WHAT IS NEEDED: The required output is the exact run of lines in the listing below from the line holding "CPE270 SCAMPI 13/16 DANIMARCA GR 700" through the line holding "Gavina camagroga ( Larus michahellis )", with no pictures.

SUPPLIED MATERIAL:

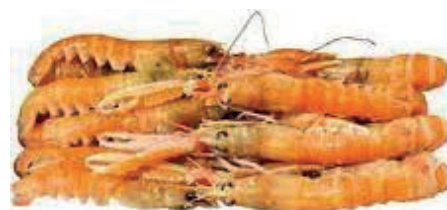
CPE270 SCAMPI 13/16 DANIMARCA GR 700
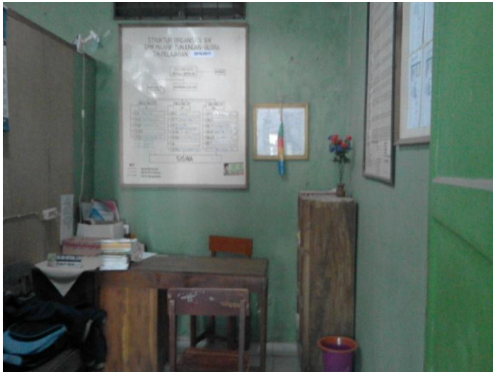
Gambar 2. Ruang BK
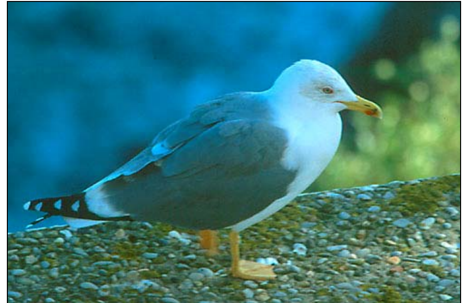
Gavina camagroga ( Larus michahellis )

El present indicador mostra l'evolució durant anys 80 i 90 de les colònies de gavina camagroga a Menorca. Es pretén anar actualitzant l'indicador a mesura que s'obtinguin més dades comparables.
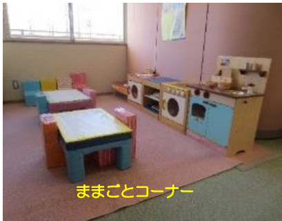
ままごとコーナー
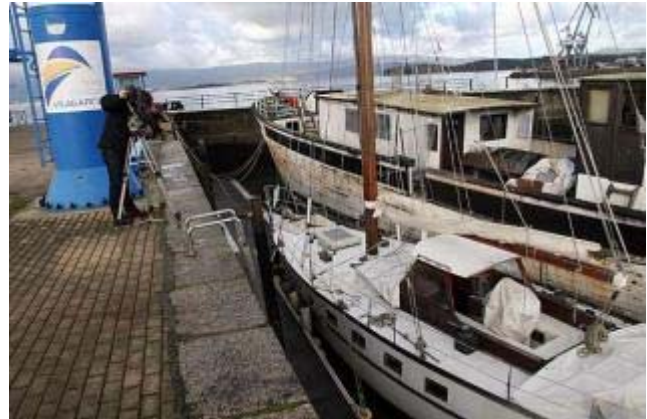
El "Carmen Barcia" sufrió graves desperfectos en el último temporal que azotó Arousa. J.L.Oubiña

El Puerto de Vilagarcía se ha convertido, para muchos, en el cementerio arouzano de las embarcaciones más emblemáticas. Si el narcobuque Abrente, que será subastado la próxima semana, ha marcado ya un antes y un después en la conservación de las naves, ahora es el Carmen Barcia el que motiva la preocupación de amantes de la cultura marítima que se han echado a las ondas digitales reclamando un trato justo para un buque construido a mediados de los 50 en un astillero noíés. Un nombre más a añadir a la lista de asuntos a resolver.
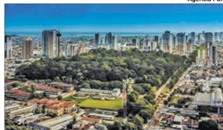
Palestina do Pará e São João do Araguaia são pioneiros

==

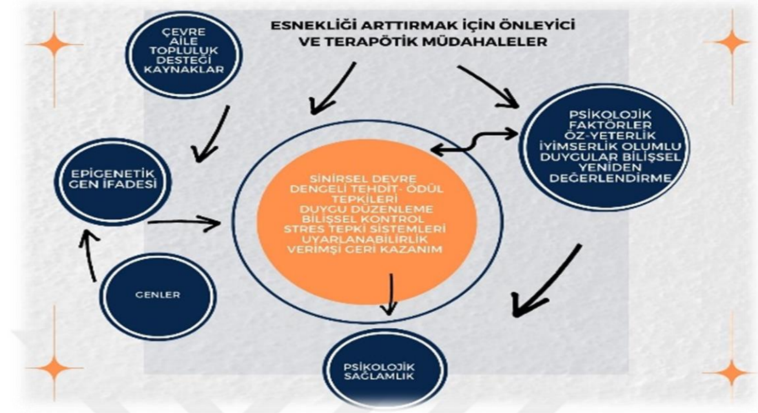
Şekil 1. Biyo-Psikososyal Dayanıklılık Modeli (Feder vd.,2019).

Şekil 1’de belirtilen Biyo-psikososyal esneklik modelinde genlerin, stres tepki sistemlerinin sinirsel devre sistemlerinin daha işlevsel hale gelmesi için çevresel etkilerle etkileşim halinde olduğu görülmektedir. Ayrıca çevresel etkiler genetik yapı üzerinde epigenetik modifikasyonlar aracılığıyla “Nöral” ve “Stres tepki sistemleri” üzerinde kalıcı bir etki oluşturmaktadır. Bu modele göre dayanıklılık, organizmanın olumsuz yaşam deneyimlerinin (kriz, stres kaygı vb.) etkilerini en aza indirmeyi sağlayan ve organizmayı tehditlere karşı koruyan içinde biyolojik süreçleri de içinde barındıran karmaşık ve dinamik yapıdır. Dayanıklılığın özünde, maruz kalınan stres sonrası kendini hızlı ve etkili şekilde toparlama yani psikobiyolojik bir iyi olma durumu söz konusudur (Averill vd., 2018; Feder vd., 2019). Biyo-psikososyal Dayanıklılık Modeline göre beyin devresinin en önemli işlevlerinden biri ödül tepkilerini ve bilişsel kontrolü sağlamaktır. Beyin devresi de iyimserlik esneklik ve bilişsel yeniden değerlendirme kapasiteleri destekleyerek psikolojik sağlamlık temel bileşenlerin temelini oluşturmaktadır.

* * *

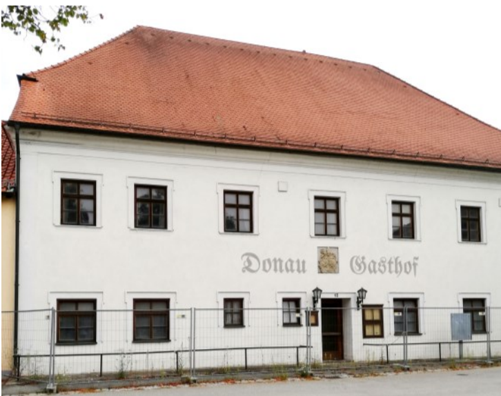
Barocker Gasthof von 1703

EXERCISE ANSWER:
CPE270 SCAMPI 13/16 DANIMARCA GR 700
Gambar 2. Ruang BK
Gavina camagroga ( Larus michahellis )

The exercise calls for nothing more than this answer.